Computing History Timeline

Heath Robinson

1943 the "Heath Robinson" development by Max Newman, Wynn Williams and their team

The Colossus machines were electronic computing devices used by British code breakers to read encrypted German messages during World War 2. These were the world’s first programmable (if not fully), digital, electronic, computing device.

Colossus was designed by engineer Tommy Flowers at the Post Office Research Station, Dollis Hill with input from mathematician Max Newman and group at Bletchley Park. The prototype, Colossus Mark I, was shown to be working in December 1943 and was operational at Bletchley Park by February 1944. An improved Colossus Mark II was first installed in June 1944, with input from Allen Coombs, and ten Colossi had been constructed by the end of the war.

The Colossus computers were used to help decipher teleprinter messages which had been encrypted using the Lorenz SZ40/42 machine. Colossus compared two data streams, counting each match based on a programmable Boolean function. The encrypted message was read at high speed from a paper tape. The other stream was generated internally, and was an electronic simulation of the Lorenz machine at various trial settings. If the match count for a setting was above a certain threshold, it would be output on an electric typewriter.

Collussus Mark II computer

A Colossus Mark II computer. The slanted control panel on the left was used to set the pin patterns on the Lorenz; the paper tape transport is on the right.

 

The Colossus computers were used in the cryptanalysis of high-level German communications, messages which had been encrypted using the Lorenz SZ 40/42 cipher machine; part of the operation of Colossus was to emulate the mechanical Lorenz machine electronically.

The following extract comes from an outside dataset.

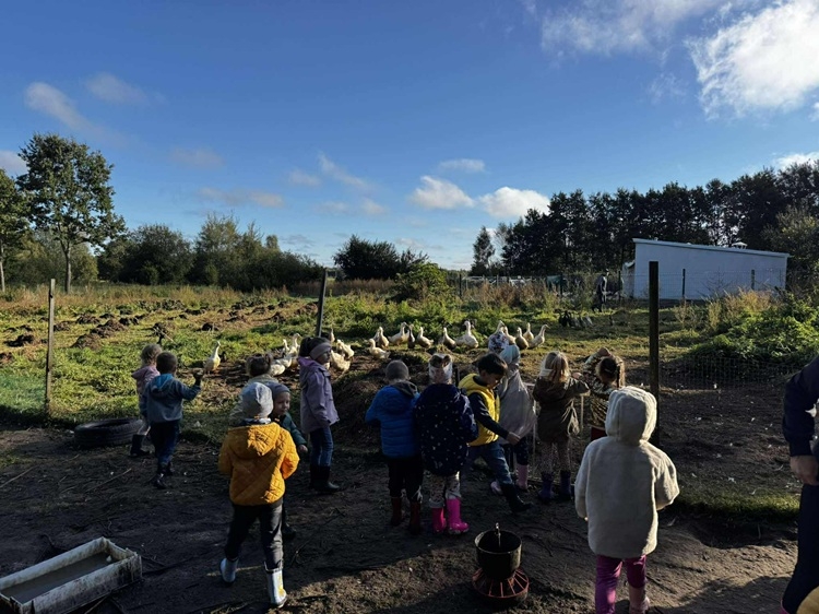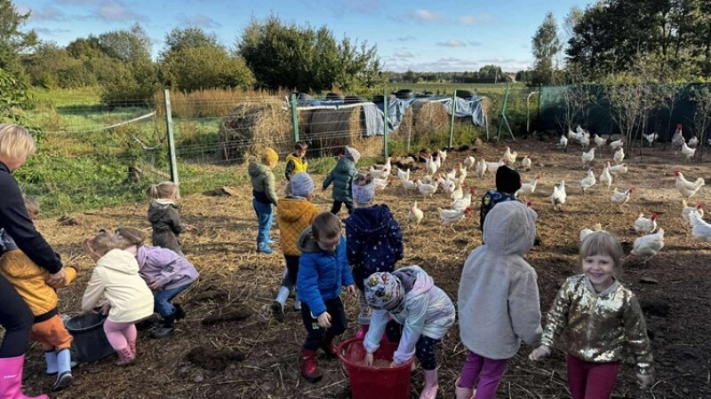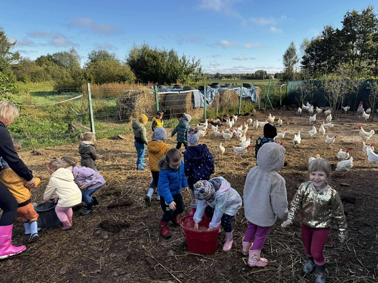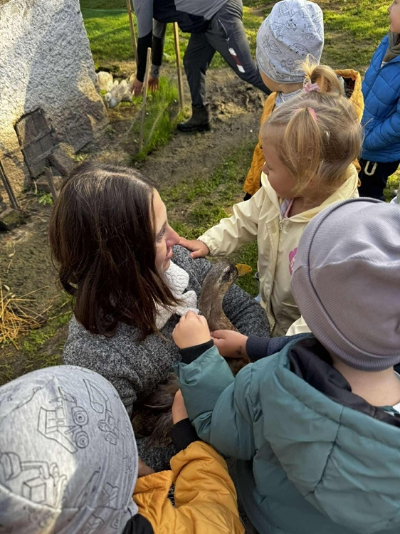 Przedszkolaki miały okazję obejrzeć jak wygląda hodowla kur i kaczek - poznać różne odmiany występujące w tej hodowli oraz sposób ich karmienia. "Kotki" były zaskoczone ilością oglądanego drobiu - było tam 600 sztuk domowego ptactwa! Każde dziecko mogło samodzielnie pokarmić kurki oraz kaczki, zobaczyć gdzie mieszkają oraz gdzie wysiadują jajka. Pani Ania pokazała nam również, gdzie magazynuje zebrane jaja. Poznaliśmy również przepięknego, bardzo dużego rudego królika. Na koniec każde dziecko mogło pokolorować kolorowankę z kurką lub kaczuszką oraz skosztować przygotowanego przez Państwa Jasnos poczęstunku.

Colossus was developed out of a prior project which produced a special purpose opto-mechanical comparator machine called "Heath Robinson". The main problem with Robinson was synchronising two paper tapes, one punched with the enciphered message, the other representing the patterns produced by the wheels of the Lorenz machine, that tended to stretch when being read at over 1000 characters per second, resulting in unreliable counts. Colossus solved this problem by reproducing one of the tapes electronically. The remaining single tape could be fed through Colossus at a higher speed and could be counted much more reliably.